No picture belongs in the copy. Repeat each line below exactly.
>>>
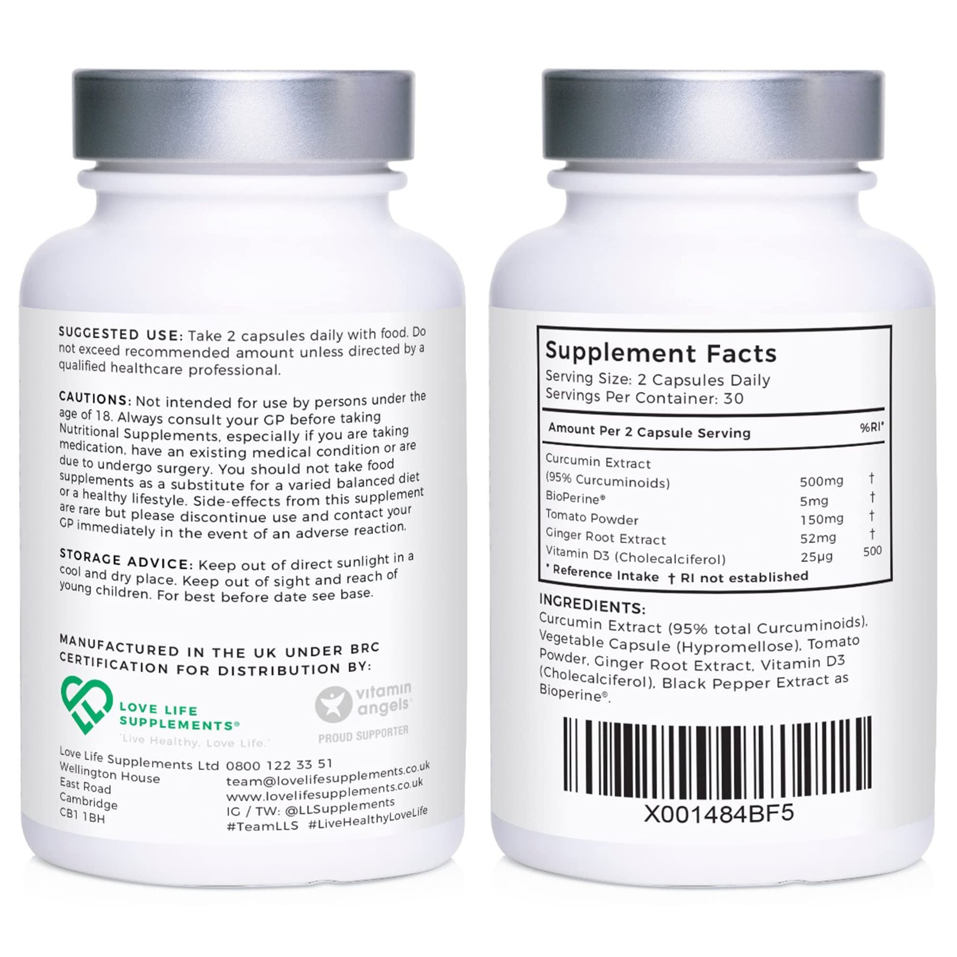 Curcumin 95 Advanced by LLS | High Strength Curcumin (the Active Component of Turmeric) with 95% Curcuminoids + BioPerine®, Vitamin D, Tomato and Ginger Root | 60 Capsules
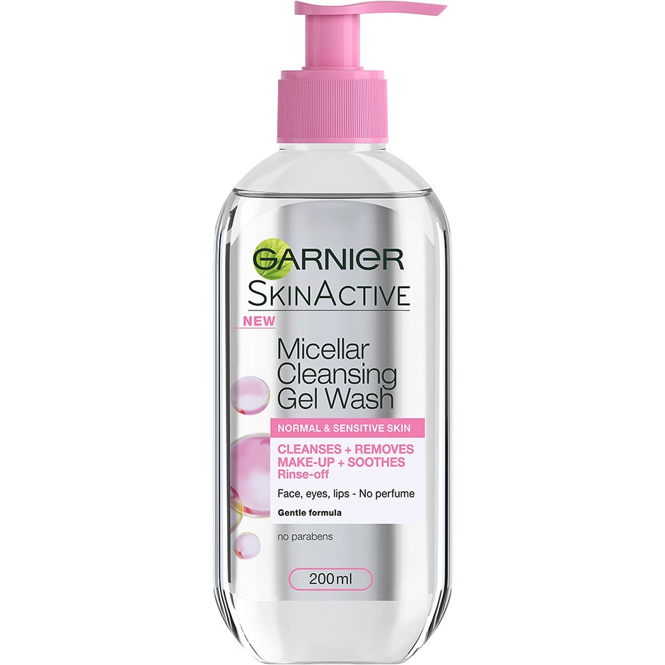 200 ml, Garnier Skin Active Micellar Cleansing Gel Wash -puhdistusgeelin misellejä hyödyntävä koostumus puhdistaa kasvoilta meikin ja epäpuhtaudet samalla kun se rauhoittaa ihoa. Herkällekin iholle sopiva hajusteeton koostumus sopii käytettäväksi myös silmä- ja huulimeikin poistoon.Ihon ja meikin puhdistukseen Sopii myös silmä- ja huulimeikin poistoon Hajusteeton ja parabeeniton Koko: 200 ml
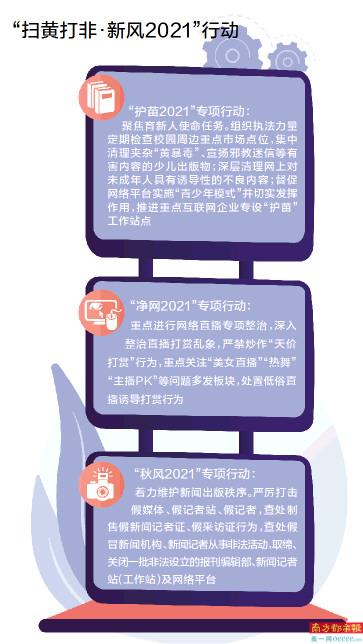 全国“扫黄打非”办公室负责人介绍,“新风”行动将以“护苗2021”“净网2021”“秋风2021”专项行动为开展平台。“护苗”行动聚焦育新人使命任务。一方面,组织执法力量定期检查校园周边重点市场点位,集中清理夹杂“黄暴毒”、宣扬邪教迷信等有害内容的少儿出版物;深层清理网上对未成年人具有诱导性的不良内容;督促网络平台实施“青少年模式”并切实发挥作用,推进重点互联网企业专设“护苗”工作站点。另一方面,打造“护苗”品牌,开展“护苗”系列正面宣传教育活动,打造“护苗”教育基地,推动学校、家庭严格管理学生使用手机等智能终端产品。
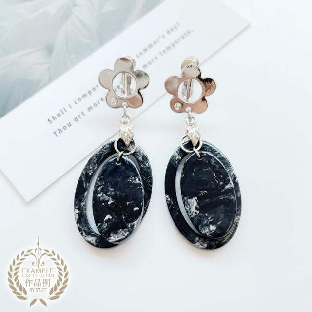 マーブルパーツ 楕円形 二つ穴 ブラック
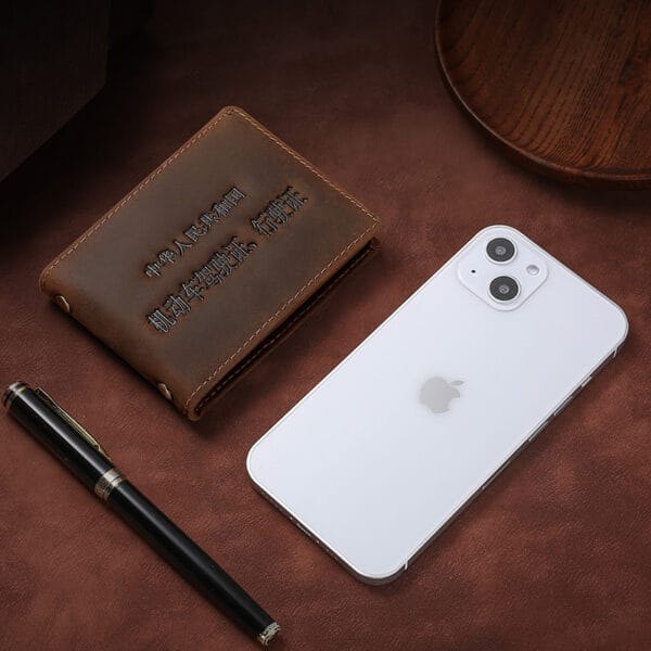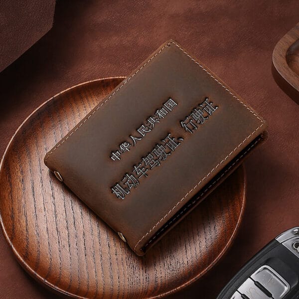 محفظة جلدية بنية بتصميم فريد مستوحى من الثقافة الشرقية، تتميز بنقش تنينين متقابلين داخل إطار بيضاوي. يرمز التنين إلى القوة والحماية، مما يمنح هذه المحفظة طابعًا مهيبًا وفخامة لافتة. الجلد المستخدم ذو ملمس ناعم ومظهر معتق يعزز من جاذبيتها، بينما يضمن التصميم العمودي تنظيمًا عمليًا للمحتويات.
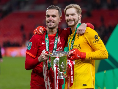 2月27日,利物浦队队长亨德森(左)和守门员凯莱赫在比赛后庆祝胜利。 新华社发
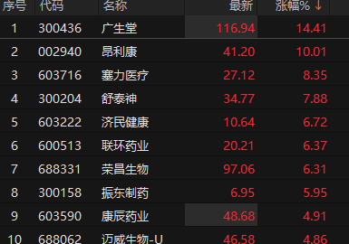 上证报中国证券网讯 10月15日早盘,创新药概念股震荡拉升,截至10时10分,昂利康涨停,广生堂涨超10%,塞力医疗、舒泰神、荣昌生物、联环药业等跟涨。
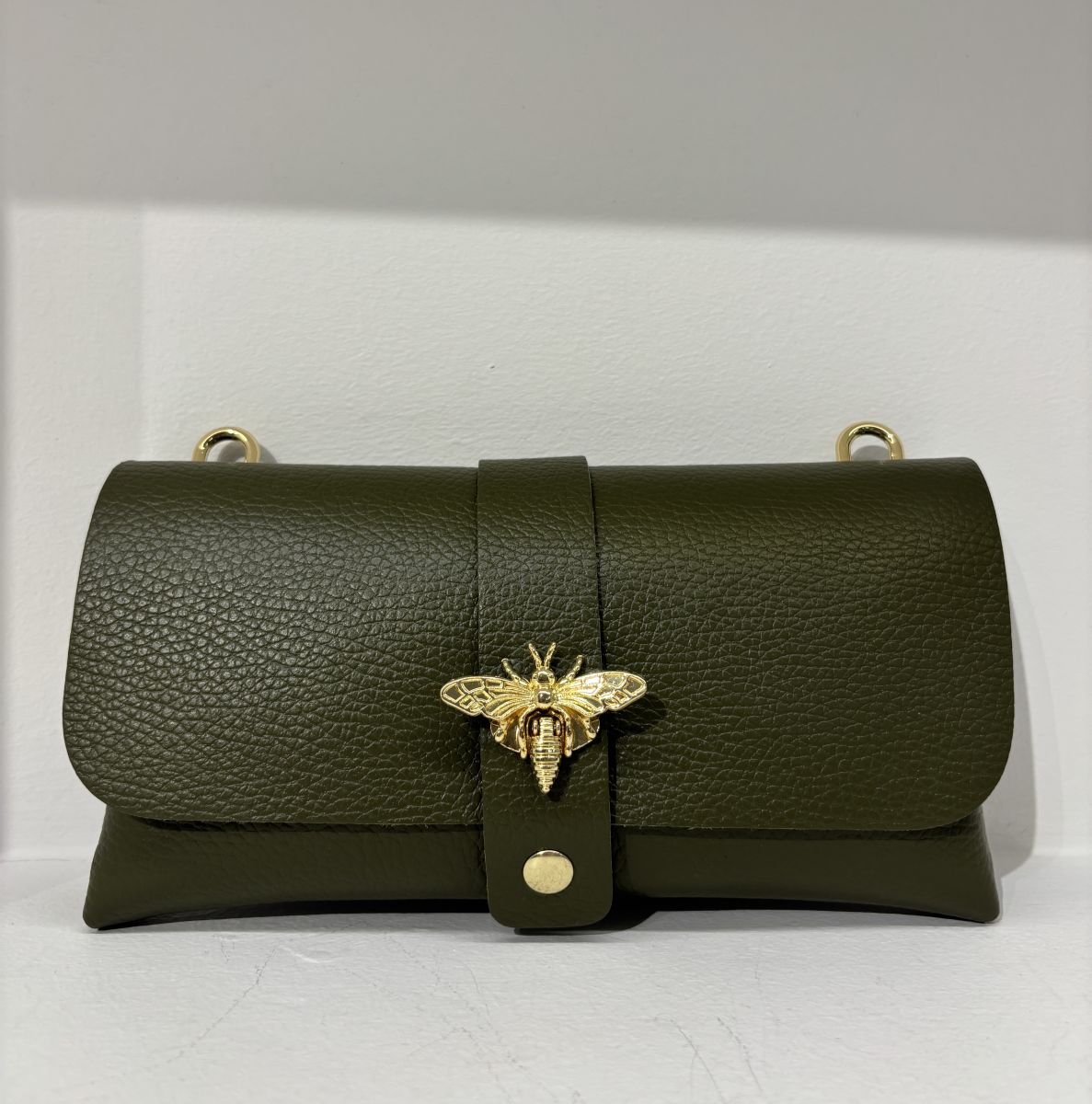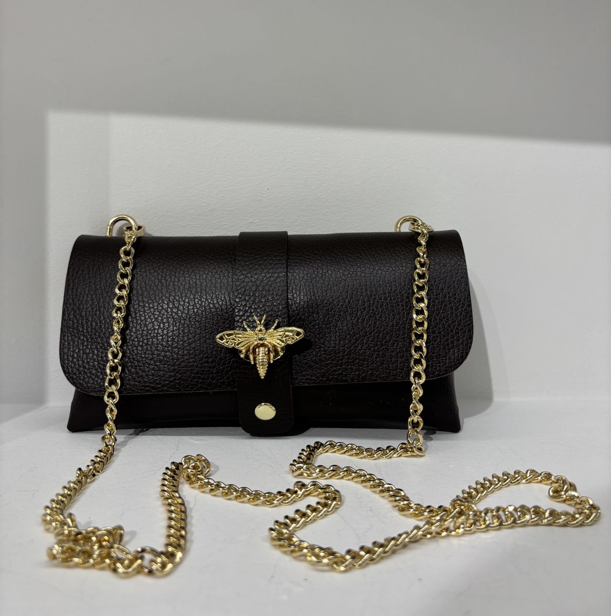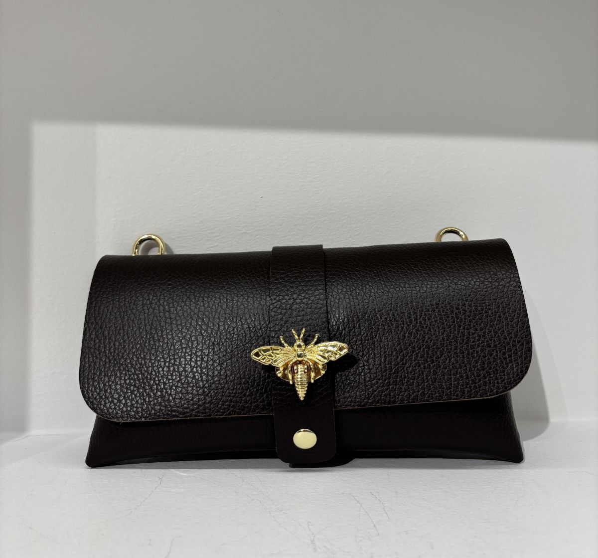 Pochette in vera pelle con tracolla interna rimovibile, presenta vari inserti dorati e originale chiusura a forma di ape la cui coda funge da pratica leva per aprire con un gesto elegante la borsa.
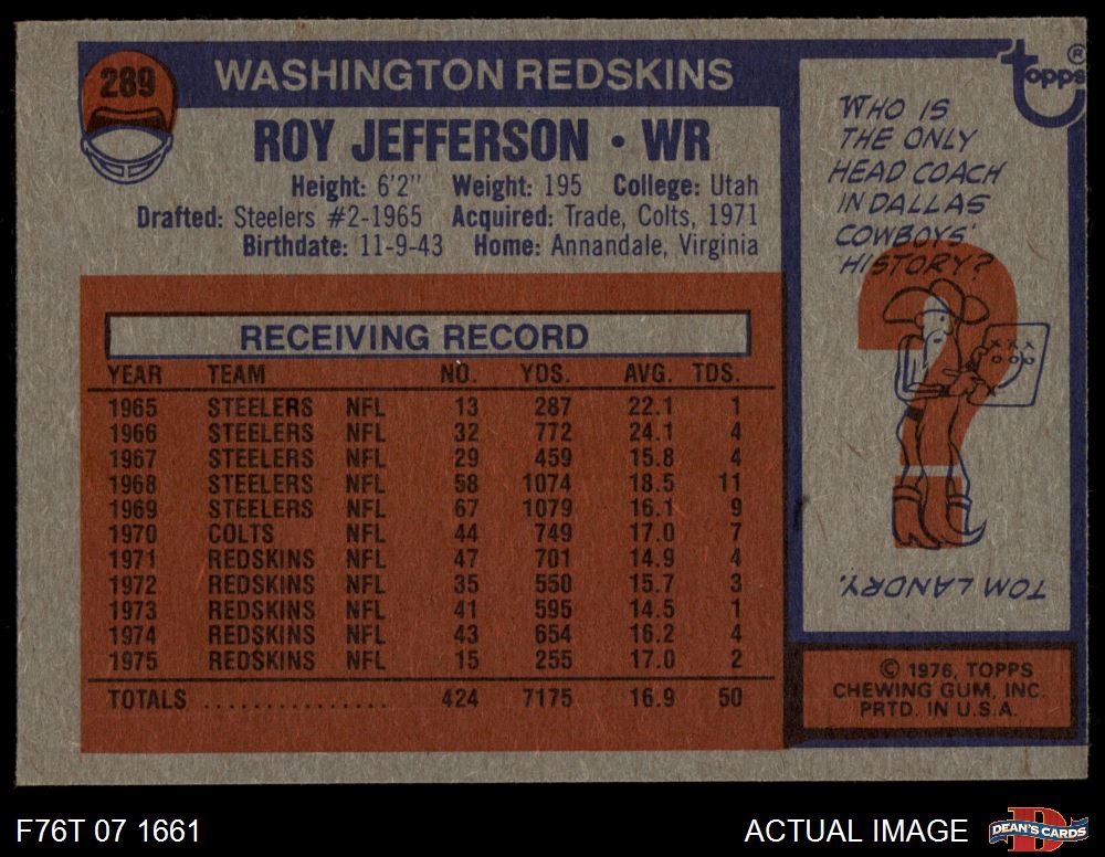 1976 Topps #289 Roy Jefferson 4 - VG/EX
<<<
__Answer to this exercise__:
 Curcumin 95 Advanced by LLS | High Strength Curcumin (the Active Component of Turmeric) with 95% Curcuminoids + BioPerine®, Vitamin D, Tomato and Ginger Root | 60 Capsules
 200 ml, Garnier Skin Active Micellar Cleansing Gel Wash -puhdistusgeelin misellejä hyödyntävä koostumus puhdistaa kasvoilta meikin ja epäpuhtaudet samalla kun se rauhoittaa ihoa. Herkällekin iholle sopiva hajusteeton koostumus sopii käytettäväksi myös silmä- ja huulimeikin poistoon.Ihon ja meikin puhdistukseen Sopii myös silmä- ja huulimeikin poistoon Hajusteeton ja parabeeniton Koko: 200 ml
 全国“扫黄打非”办公室负责人介绍,“新风”行动将以“护苗2021”“净网2021”“秋风2021”专项行动为开展平台。“护苗”行动聚焦育新人使命任务。一方面,组织执法力量定期检查校园周边重点市场点位,集中清理夹杂“黄暴毒”、宣扬邪教迷信等有害内容的少儿出版物;深层清理网上对未成年人具有诱导性的不良内容;督促网络平台实施“青少年模式”并切实发挥作用,推进重点互联网企业专设“护苗”工作站点。另一方面,打造“护苗”品牌,开展“护苗”系列正面宣传教育活动,打造“护苗”教育基地,推动学校、家庭严格管理学生使用手机等智能终端产品。
 マーブルパーツ 楕円形 二つ穴 ブラック
 محفظة جلدية بنية بتصميم فريد مستوحى من الثقافة الشرقية، تتميز بنقش تنينين متقابلين داخل إطار بيضاوي. يرمز التنين إلى القوة والحماية، مما يمنح هذه المحفظة طابعًا مهيبًا وفخامة لافتة. الجلد المستخدم ذو ملمس ناعم ومظهر معتق يعزز من جاذبيتها، بينما يضمن التصميم العمودي تنظيمًا عمليًا للمحتويات.
 2月27日,利物浦队队长亨德森(左)和守门员凯莱赫在比赛后庆祝胜利。 新华社发
 上证报中国证券网讯 10月15日早盘,创新药概念股震荡拉升,截至10时10分,昂利康涨停,广生堂涨超10%,塞力医疗、舒泰神、荣昌生物、联环药业等跟涨。
 Pochette in vera pelle con tracolla interna rimovibile, presenta vari inserti dorati e originale chiusura a forma di ape la cui coda funge da pratica leva per aprire con un gesto elegante la borsa.
 1976 Topps #289 Roy Jefferson 4 - VG/EX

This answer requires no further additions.